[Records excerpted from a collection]
BEGIN

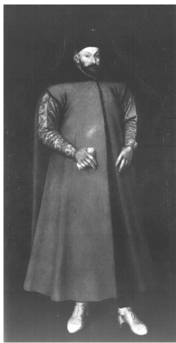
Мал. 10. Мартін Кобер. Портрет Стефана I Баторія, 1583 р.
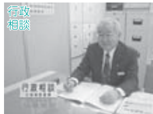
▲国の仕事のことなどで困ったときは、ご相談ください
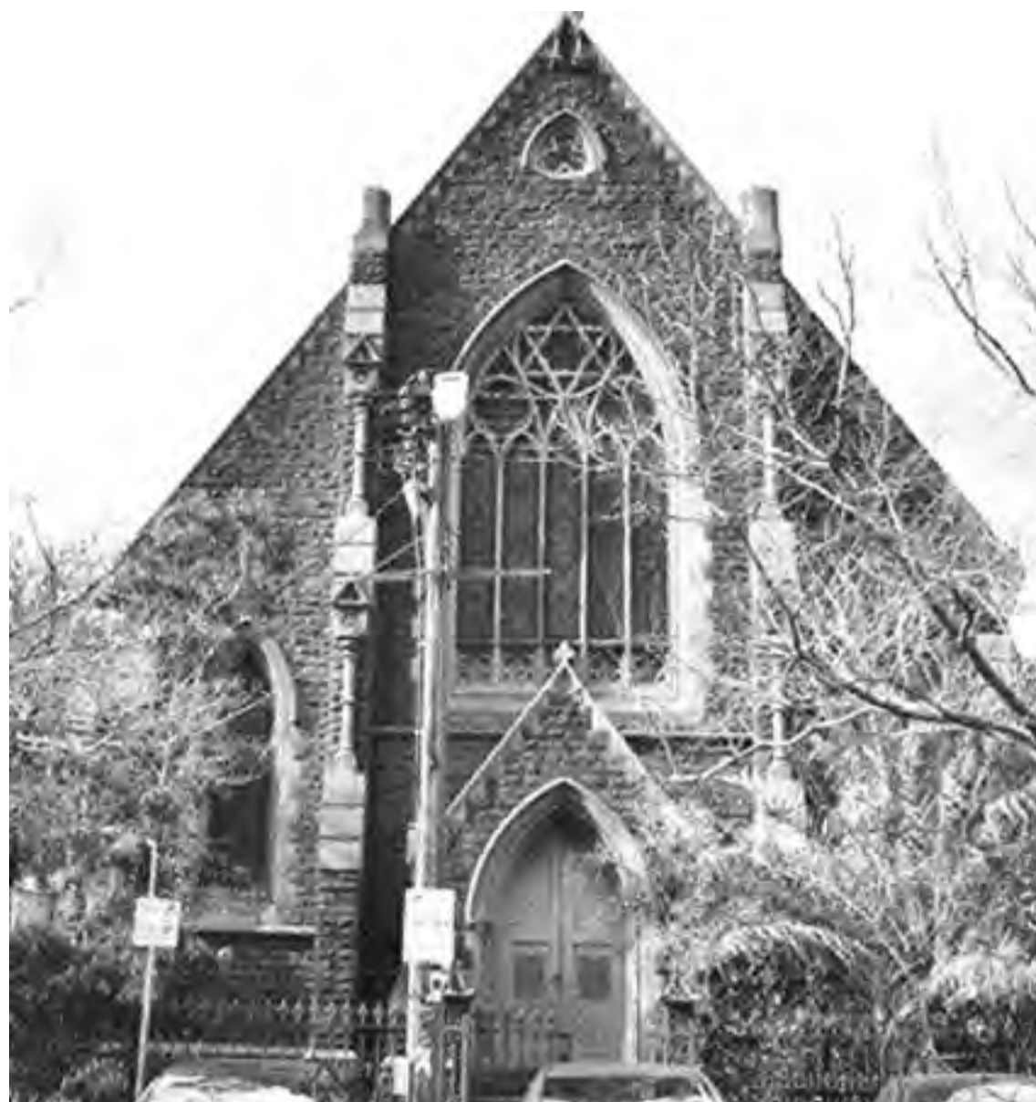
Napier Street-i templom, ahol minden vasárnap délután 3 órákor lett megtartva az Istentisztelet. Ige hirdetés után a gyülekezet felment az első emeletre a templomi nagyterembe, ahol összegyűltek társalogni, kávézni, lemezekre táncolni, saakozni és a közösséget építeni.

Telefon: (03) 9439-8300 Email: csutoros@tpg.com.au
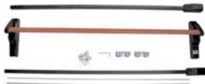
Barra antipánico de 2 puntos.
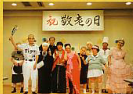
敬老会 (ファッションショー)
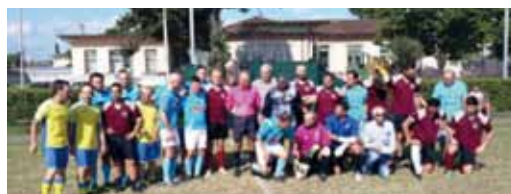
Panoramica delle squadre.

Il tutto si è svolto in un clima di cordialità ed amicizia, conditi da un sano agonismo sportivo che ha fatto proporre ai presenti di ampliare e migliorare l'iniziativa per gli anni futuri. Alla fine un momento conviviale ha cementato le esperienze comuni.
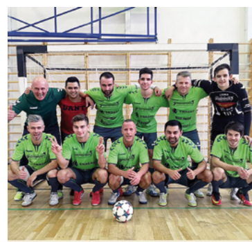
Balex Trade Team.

END

▶ _Description of the task_
Leave out the pictures, and please output only the lines from the line that contains "Telefon: (03) 9439-8300" through the end of the data, both ends included.

▶ _Exercise solution_
Telefon: (03) 9439-8300 Email: csutoros@tpg.com.au
Barra antipánico de 2 puntos.
敬老会 (ファッションショー)
Panoramica delle squadre.

Il tutto si è svolto in un clima di cordialità ed amicizia, conditi da un sano agonismo sportivo che ha fatto proporre ai presenti di ampliare e migliorare l'iniziativa per gli anni futuri. Alla fine un momento conviviale ha cementato le esperienze comuni.
Balex Trade Team.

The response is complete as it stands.